Hal itu disamapikan Arsul Sani dalam diskusi 4 Pilar MPR RI “Pendapatan Negara dan Keadilan Sosial” bersama Ir. H. Kamrussammad, S.T., M.Si (Anggota MPR RI Fraksi Partai Gerindra) dan Dr. Enny Sri Hartati (Ekonom INDEF) di Gedung MPR RI, Senayan Jakarta, Rabu 16 Juni 2021.
Karena itu lanjut Arsul, pemerintah dalam hal ini jajaran kementerian keuangan (Kemenkeu) RI harus hati-hati dan lebih transparan dalam membuat kebijakan untuk KUP (Ketentuan Umum Perpajakan) itu. Seperti halnya tex amnesty, pengampunan pajak tahun 2020 itu seharusnya transparan, sejauh mana keberhasilan atau pemasukan negara dari kebijakan tersebut. “Baik secara kualitatif maupun kuantitatif. Apalagi sekarang juga akan ada kebijakan tex amnesty jilid II,” jelas Arsul.

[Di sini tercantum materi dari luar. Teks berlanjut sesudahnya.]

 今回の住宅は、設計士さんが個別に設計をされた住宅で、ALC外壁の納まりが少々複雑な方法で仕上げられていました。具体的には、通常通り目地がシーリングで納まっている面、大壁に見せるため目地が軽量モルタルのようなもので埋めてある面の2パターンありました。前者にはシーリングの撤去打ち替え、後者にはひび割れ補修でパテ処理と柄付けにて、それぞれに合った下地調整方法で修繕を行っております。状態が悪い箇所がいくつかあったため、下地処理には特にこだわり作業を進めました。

Dalam kondisi normal saja dari BUMN hanya Rp40 triliun. “DPR sendiri sudah memberikan seluruh dukungannya ke pemerintah, agar lebih kreatif untuk meningkatkan atau mempertahankan penerimaan negara dari pajak dengan menghindari pajak sembako dan pendidikan, karena bertentangan dengan Pasal 33 UUD NRI 45 dan keadilan sosial sila kelima Pancasila,” ungkapnya.

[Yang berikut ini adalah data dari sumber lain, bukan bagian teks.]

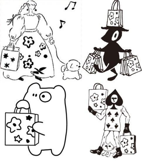 (左上)「はんこどり」花柄さんぽ990円、(右上)「もりりんご」かいすぎちゃった990円、(左下)「あいの紙ものやさん」おかいものくま990円、(右下)「Redbug」買物トランプ兵990円 ※一部ブランドの売場入場について、2月16日(月)のみ午前10時15分~午後4時10分までは事前予約(抽選)が必要です。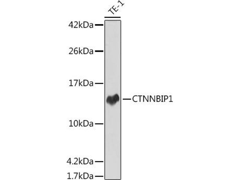 The protein encoded by this gene binds CTNNB1 and prevents interaction between CTNNB1 and TCF family members. The encoded protein is a negative regulator of the Wnt signaling pathway. Two transcript variants encoding the same protein have been found for this gene.,CTNNBIP1, ICAT, beta-catenin-interacting protein 1,Cell Biology & Developmental Biology,Wnt/β-Catenin Signaling Pathway,CTNNBIP1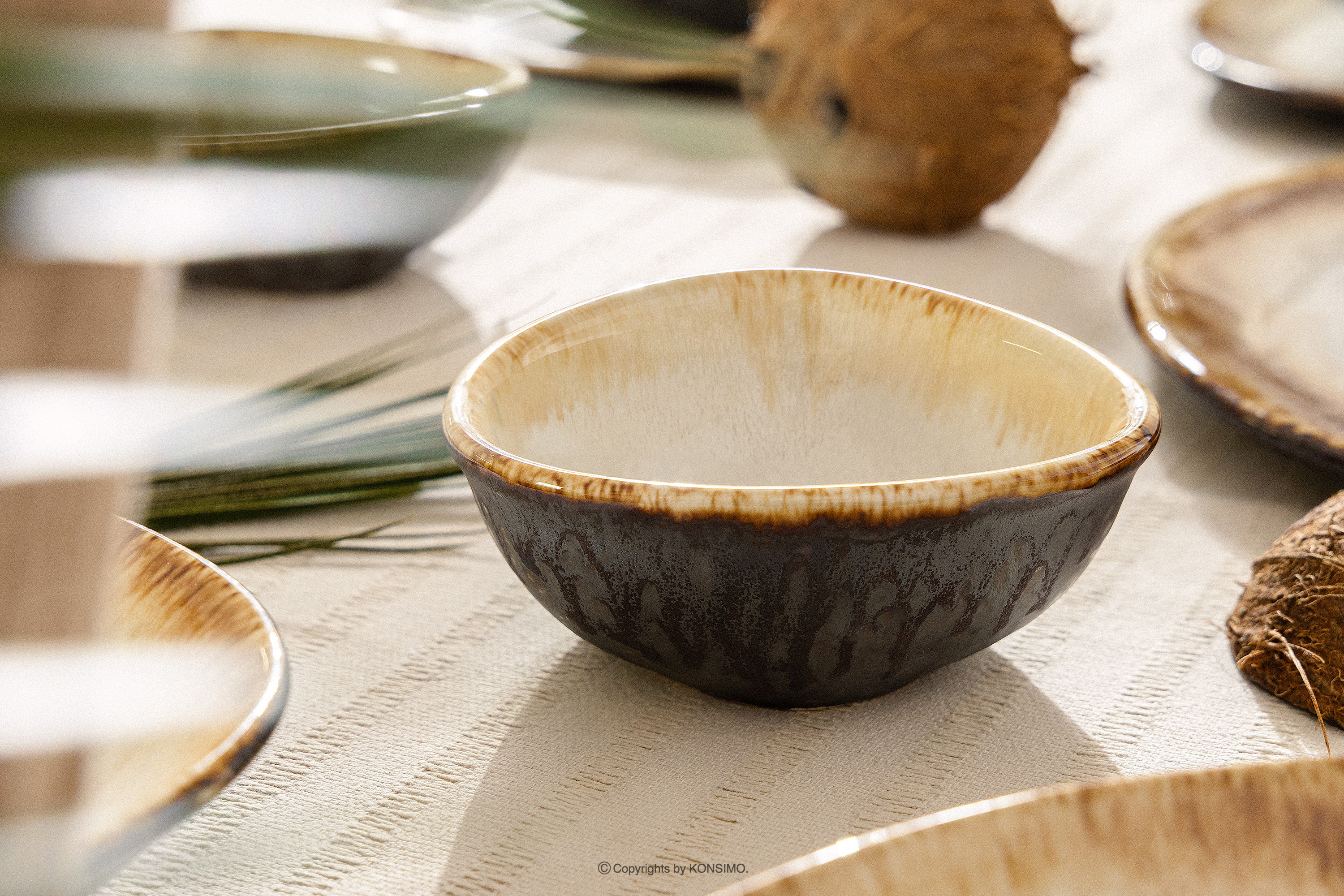Handglasierte Keramikschale 6 Stück hellbeige – die Essenz roher Schönheit und moderner Eleganz, eingefangen in der Form von Gebrauchskeramik. PRIMA wurde für diejenigen geschaffen, die Authentizität und außergewöhnliches Design schätzen, und ist eine Hommage an den Loft-Stil, bei dem Raum, Licht und natürliche Materialien im Vordergrund stehen. Das dominierende helle, gebrochene Beige ist die Farbe der Erde, des Sandes und des Natursteins.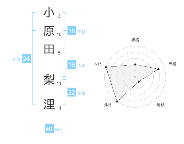 小原田 梨浬さんの総格は40画の2点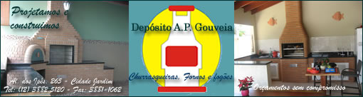 Depósito A.P. Gouveia Churrasqueiras, fogões, fornos e piscinas. Al. dos Ipês, 265 - Cidade Jardim Tel: (12) 3882.5120 - Fax: 3881-1062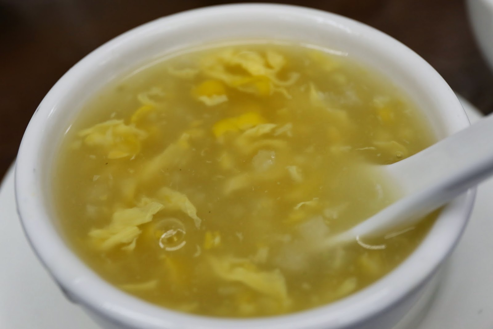 Corn and egg drop soup (粟米湯) - nice to have a bowl of hot soup today. Interesting that they added chopped fish maw (魚肚).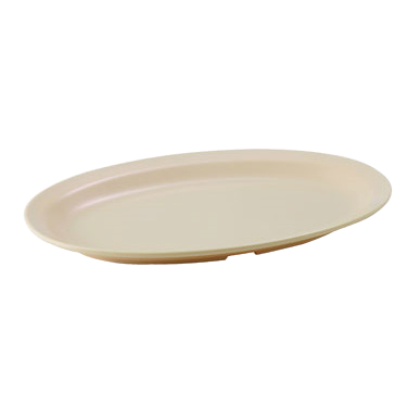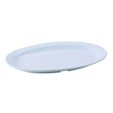 Description: Platter, 13" x 8-1/2", oval, narrow rim, heat resistant up to 212°F/100°C, dishwasher safe, melamine, white, NSF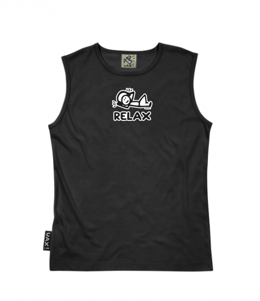 Men's sleeveless MUSCLE SHIRT for man with design 1236 RELAX in color BLACK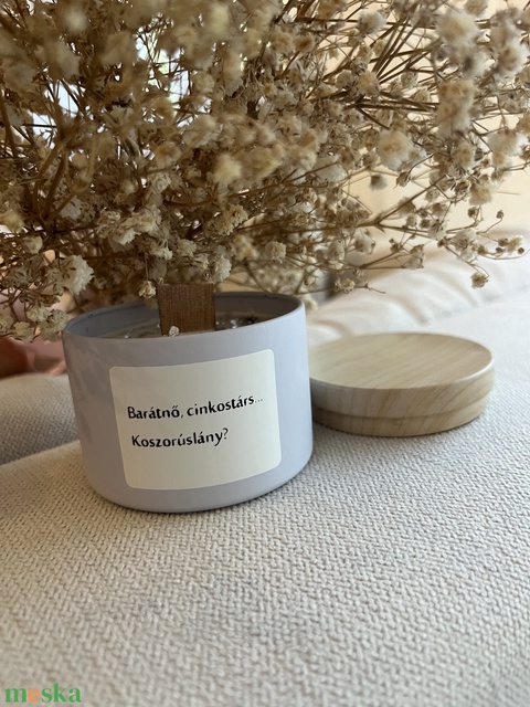 Koszorúslány felkérő, egyedi feliratos kézműves szójaviasz gyertya

Lalu apakah karena kondisi keuangan negara yang menipis akibat pandemi sehingga pemerintah menyasar pajak sembako dan pendidikan, menurut Kamrussamad justru karena menyadari terjadinya kontraksi, penurunan pertumbuhan ekonomi akibat covid-19, DPR memberikan keleluasaan pada pemerintah dengan menyetujui berbagai kebijakan termasuk Perppu No. 2.tahun 2020. “Dukungan DPR justru agar pemerintah mencari solusi dalam kondisi darurat covid-19 ini,” tambahnya.

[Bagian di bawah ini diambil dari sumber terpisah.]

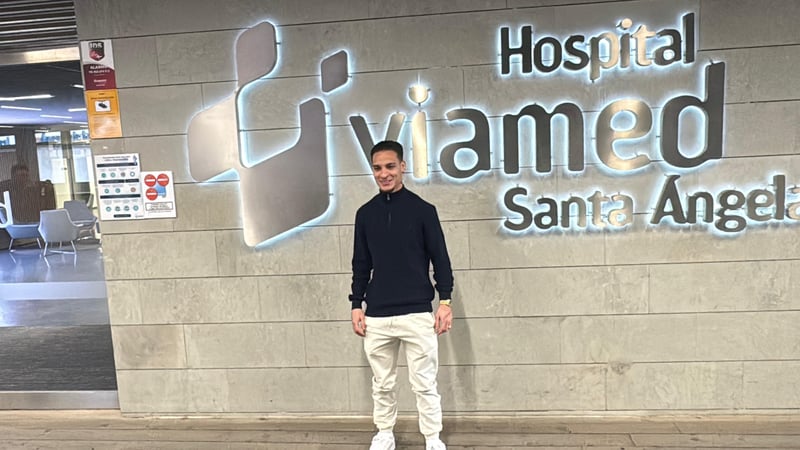 A eso de las 09:45 horas estaba citado en el Hospital Viamed Santa Ángela de la Cruz, ubicado en el barrio de Bellavista, para someterse a la minuciosa revisión de los doctores antes de dirigirse a las oficinas de la entidad de La Palmera para estampar su firma en un contrato hasta el próximo 30 de junio. Llegó con una media hora de retraso, pero posó ante los numerosos medios de comunicación que le esperaban con una elocuente sonrisa. "Muy feliz", han sido sus primeras palabras como bético. "Estoy preparado", ha añadido antes de volver al interior de la clínica.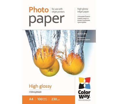 - Фотобумага ColorWay глянцевая 230г/м, A4 PG230-100 карт.уп.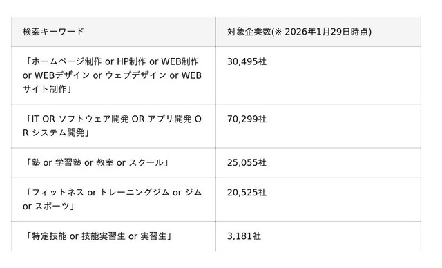 「FutureSearch」では、指定した複数のキーワードのいずれかを含む企業を抽出する「OR検索」に対応しています。既存の業種分類(日本標準産業分類など)では定義が難しい新しいビジネス領域や、企業によって異なる「表記揺れ」も、OR検索を組み合わせることで漏れなく網羅的なリストアップが可能となります。■ 実際に「FutureSearch」で使用されている「検索キーワード」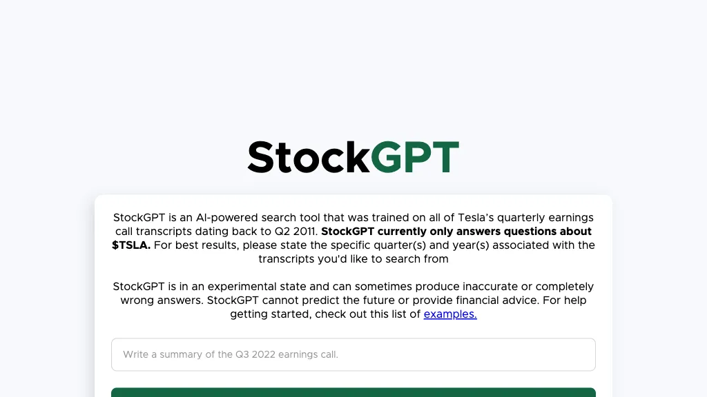 StockGPT is an AI search tool for transcripts dating back to Q2 2011. It can answer questions related to Tesla's...

Bahwa persetujuan dan dukungan pemerintah itu bagian dari good will DPR kepada pemerintah untuk pemullihan ekonomi dan kesehatan. “Bahkan untuk APBN tak lagi ada ambang batas atas maupun bawah. Bank Indonesia (BI) pun bisa membeli langsung ke pasar primer. Dalam kondisi extra ordenary ini semua kita dukung untuk pemulihan ekonomi dan kesehatan,” kata Kamrusaamad lagi.
Dia mengakui kalau Komisi XI DPR sampai haru ini belum meneima draft PPN Sembako dan Pendidikan tersebut. “Seharusmya sistem KUP direvisi karena UU itu dibuat masih konvensional, sedangkan sekarang sudah era digital,” jelas Kamrussamad.
Enny Sri Hartati mengatakan kalau Revisi UU KUP itu sudah masuk prolegnas 2021. Sehingga pemerintah sudah pasti menyiapkan draft-nya. Dalam draft itu sudah menyebutkan usulan revisi secara teknik dan teknikal terkait presentase tarif dan obyek pajak itu sendiri. Anehnya dalam revisi itu muncul PPN Sembako dan pendidikan di tengah masyarakat sulit ekonomi akibat pandemi covid19 ini.
Sembako dan pendidikan ini menyangkut hajat hidup rakyat banyak pasti akan menguras emosi publik. Berbagai macam perspektif, kecurigaan, dugaan, karena beras dan pendidikan itu pasti memiliki respon yang luar biasa. “Dan, DPR relatif tutup mata, yang penting ekonomi selamat. Pertanyaannya; apa pemerintah tak bisa kreatif lagi untuk mencari penerimaan negara? Padahal potensi dari pajak sumber daya alam (SDA) kelautan, perikanan, perkebunan, kehutanan, pertambangan dan orang-orang kaya yang masuk majalah Forbes itu belum digali secara optimal dan itu sangat besar. Tapi, beban pajaknya malah dapat pengecualian. Kenapa pemerintah tidak berani, Enny mengatakan karena yang dihadapi adalah oligarki kekuasaan,” jelas Enny lagi.
Kalau ditanya bagaimana kondisi keuangan negara sehingga harus menyasar pajak sembako dan pendidikan, menurut Enny, pada tahun 2021 ini negara tambah Rp1200 triliun ditambah.kesehatan fiskal bermasalah. “Jadi, sistem perpajakan itu harus ditata kembali agar berkeadilan untuk rakyat,” pungkasnya.